Search code examples
rjsonrtweet

Why is Rtweet's parse_stream() function returning a NULL object?


I have a series of .json files each containing data captured from between 500 and 10,000 tweets (3-40 MB each). I am trying to use rtweet's parse_stream() function to read these files into R and store the tweet data in a data table. I have tried the following:

tweets <- parse_stream(path = "india1_2019090713.json")

There is no error message and the command creates a tweets object, but it is empty (NULL). I have tried this with other .json files, and the result is the same. Has anyone encountered this behaviour/is there something obvious I am doing wrong? I would appreciate any advice to an rtweet newbie!

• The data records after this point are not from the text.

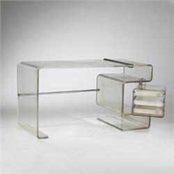 1970s desk USA acrylic, stainless steel 56.5"w x 23.75"d x 30"h This desk features a swiveling drawer case containing three sliding drawers.
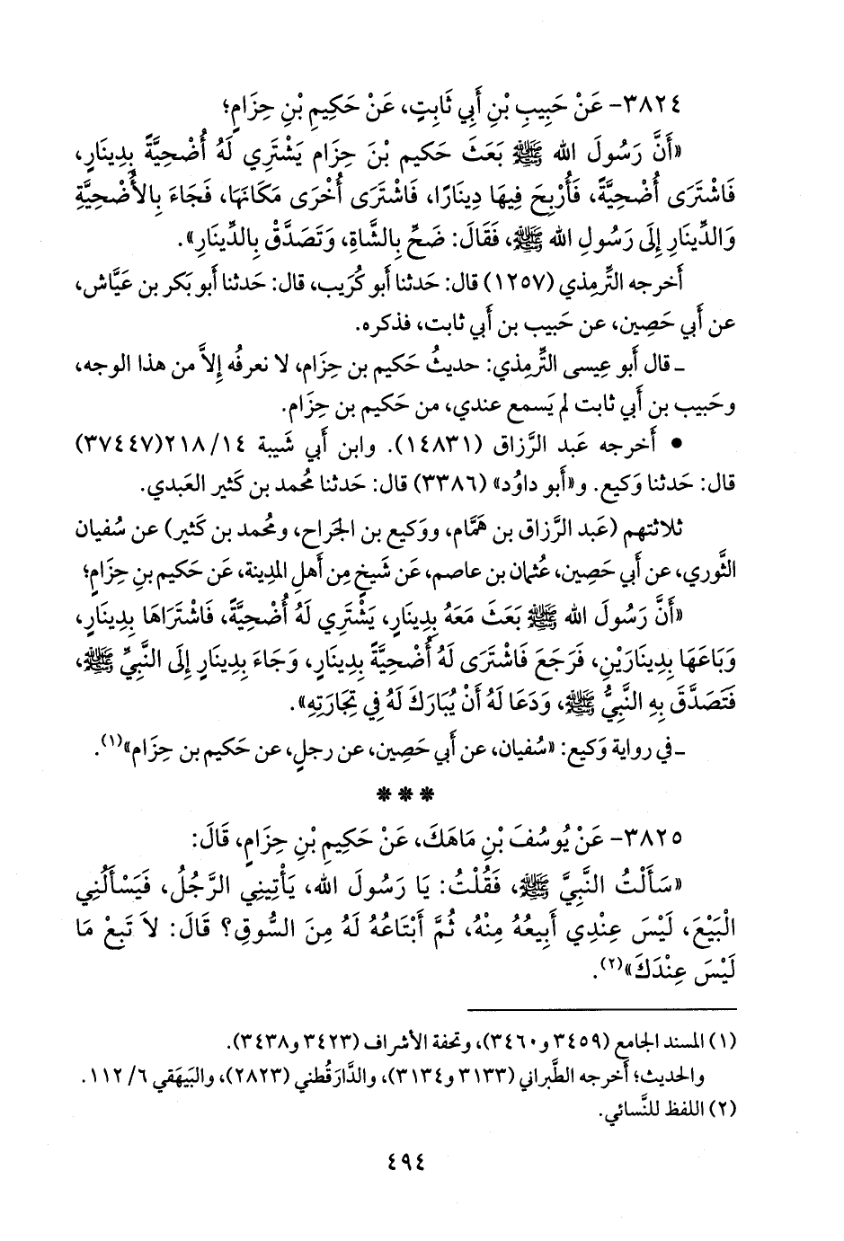 ٣٨٢٤ - عن حبيب بن أبي ثابت، عن حكيم بن حزام؛
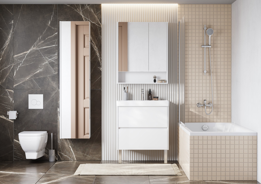 Тумба Сканди 70 выполнена в популярном минималистичном скандинавском стиле. Корпус тумбы выполнен из влагостойкой ЛДСП в белой матовой покраске, а фасады в белой глянцевой покраске. Конструктивно тумба состоит из 2 вместительных ящиков, установленных на направляющие с интегрированной системой push-to-open для комфортного использования. На тумбе нет выступающих деталей и фурнитуры, открытие ящиков реализовано нажатием на фасад. Тумба комплектуется белоснежной раковиной Адриана от бренда Santek. Тумбу по желанию можно использовать в двух вариантах: как подвесную или дополнительно приобрести опоры
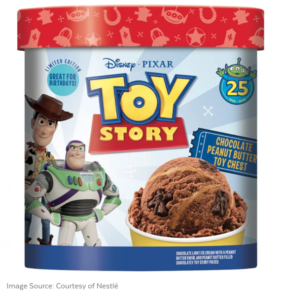 Last but not least, Woody and his merry gang are also getting in on the ice cream biz with their signature flavor, Toy Story Chocolate Peanut Butter Toy Chest Ice Cream! This one is a light chocolate ice cream with a peanut butter swirl and character-shaped chocolate chunks with a peanut butter filling! We can’t wait to eat the little candies pieces shaped like Buzz Lightyear and Woody!
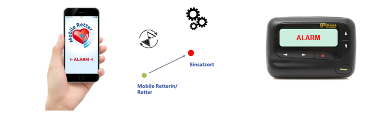 1. Schnelligkeit: Durch die frühzeitige Alarmierung der Feuerwehr sollen qualifizierte Ersthelfer schnellstmöglich am Einsatzort eintreffen – entweder zur Unterstützung von bereits eingetroffenen Mobilen Rettern oder, falls diese nicht verfügbar sind, als erste Maßnahme bis zum Eintreffen des Rettungsdienstes. Der Fokus liegt hier auf dem Basic Life Support (BLS) wie z.B. Durchführung von Thoraxkompressionen, Beutel-Masken-Beatmung sowie den Einsatz eines automatisierten externen Defibrillators (AED).
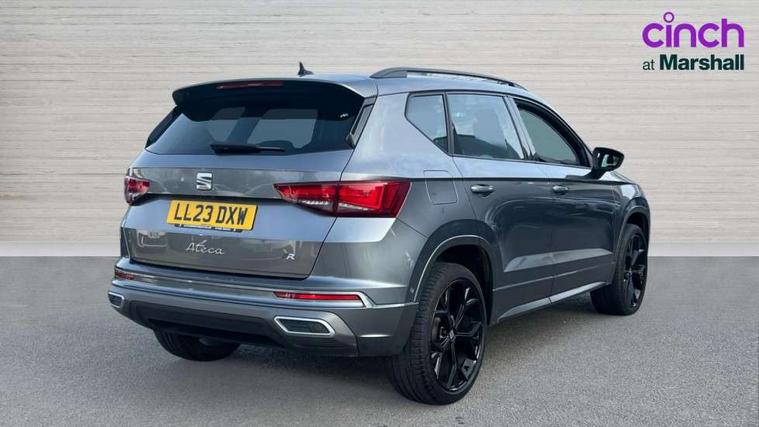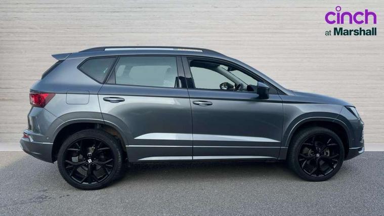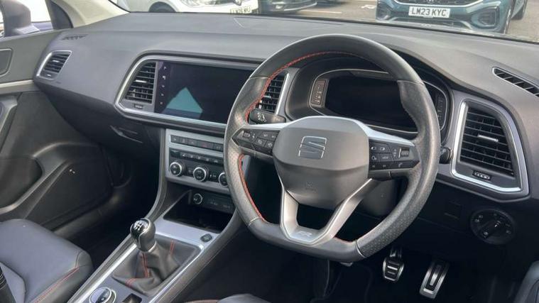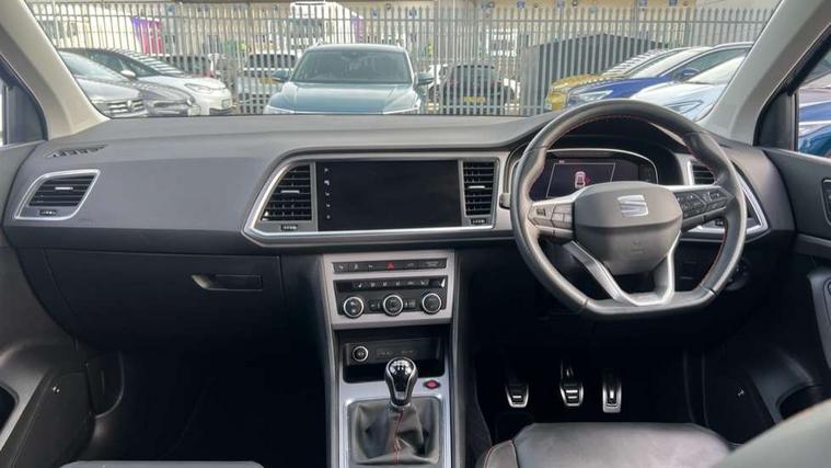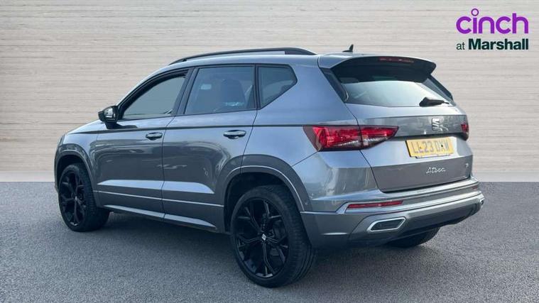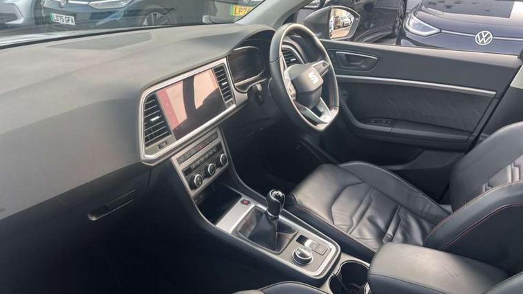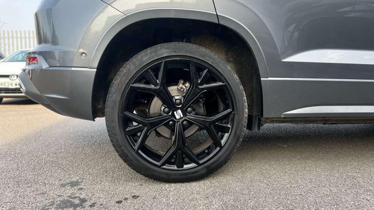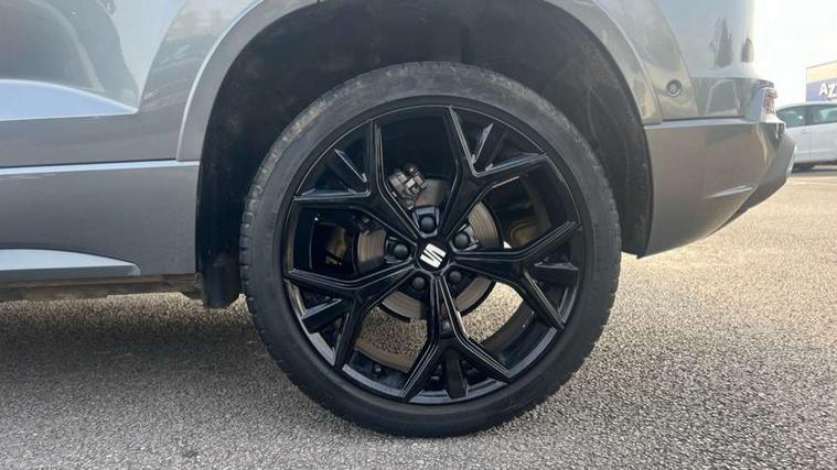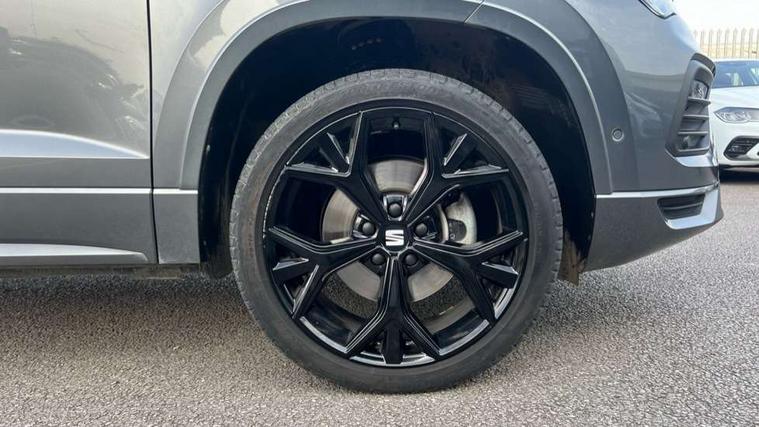 10" Digital cockpit, Cruise control system with speed limiter, E-call, Electric tailgate with virtual pedal, Outside temperature gauge, Progressive power assisted steering, Rear view camera, SEAT drive profile with driving experience button - Normal, Sport, Eco and Individual mode, steering and throttle response, Self parking functionality (includes front and rear parking sensors), Start/stop system, Trip computer, Wireless full link smartphone integration, Wireless phone charger, Beats audio system, Steering wheel mounted audio/phone controls, Black roof rails, Black side window trim, Body colour bumpers, Body coloured wheel arch surrounds, Chrome front grille frame, Dark tinted rear windows, Daytime running lights, Door mirrors with welcome light silhouette, Dynamic headlight range control with self adjusting whilst driving, Electric adjustable/heated/folding door mirrors, Front and rear electric windows, Full LED headlamps with lens and LED front fog lamps with cornering function, Illuminated aluminium front door sill, LED rear tail lights with dynamic indicators, Rear exhaust tailpipe, Rear fog lights, Rear side wing doors, Rear wash/wipe, Roof spoiler, Third brake light, Variable front intermittent wipers, 12V socket in front, 3 seat bench in 2nd row, 60/40 split folding rear seat, Aluminium pedals, Driver seat memory function, Dual zone climate control, Electric adjustable driver seat with lumbar adjustment, Front and rear head restraints, Front centre armrest, Front seat back storage pockets, Heated front seats, Height adjustable passenger seats with lumbar adjustment, ISOFIX points in outer rear seats with top tether anchorage points, Leather sports steering wheel and gear knob, Leather upholstery with front comfort seats, Multicoloured ambient lighting with LED interior illumination, Rear armrest and easy back seat release mechanism from boot, Single front passenger seat, Storage compartment in roof console for sunglass, Convenience pack - Ateca, Interior lighting pack - Ateca, Navigation system pack with DAB - Ateca, 3x3 point rear seatbelts, ABS, Traction control system (TCS), Electronic stability control (ESC) and Electronic differential lock system (XDS), Airbags - Driver and front passenger airbag with deactivation, front side, two curtain and driver's knee airbags, Electric parking brake with auto hold function, Front and rear seatbelt reminder, Front assist with autonomous emergency braking, Hill hold control, Manual rear child locks, Single tone horn, Tiredness recognition system, Tyre pressure monitoring system, Alarm, Keyless entry, Locking wheel bolts, Remote central locking, Chrome interior detailing, 19" Exclusive alloy wheels 36/10 in glossy black, Emergency spare wheel,

I am using rtweet version 0.6.9.

Many thanks!


Solution

  • As an update and partial answer: I've not made progress with the original issue, but I have had a lot more success using the jsonlite package, which is amply able to read in large and complex .json files containing Tweet data.

    library(jsonlite)
    

    I used the fromJSON() function as detailed here. I found I needed to edit the original .json file to match the required structure, beginning and ending the file with square brackets ([ ]) and adding a comma before each line break at the end of each Tweet. Then:

    tweetsdf <- fromJSON("india1_2019090713.json", simplifyDataFrame = TRUE, flatten = TRUE)
    

    simplifyDataFrame ensures the contents are saved as a data frame with one row per Tweet, and flatten collapses most of the nested Tweet attributes to separate columns for each sub-value rather than generating columns full of unwieldy list structures.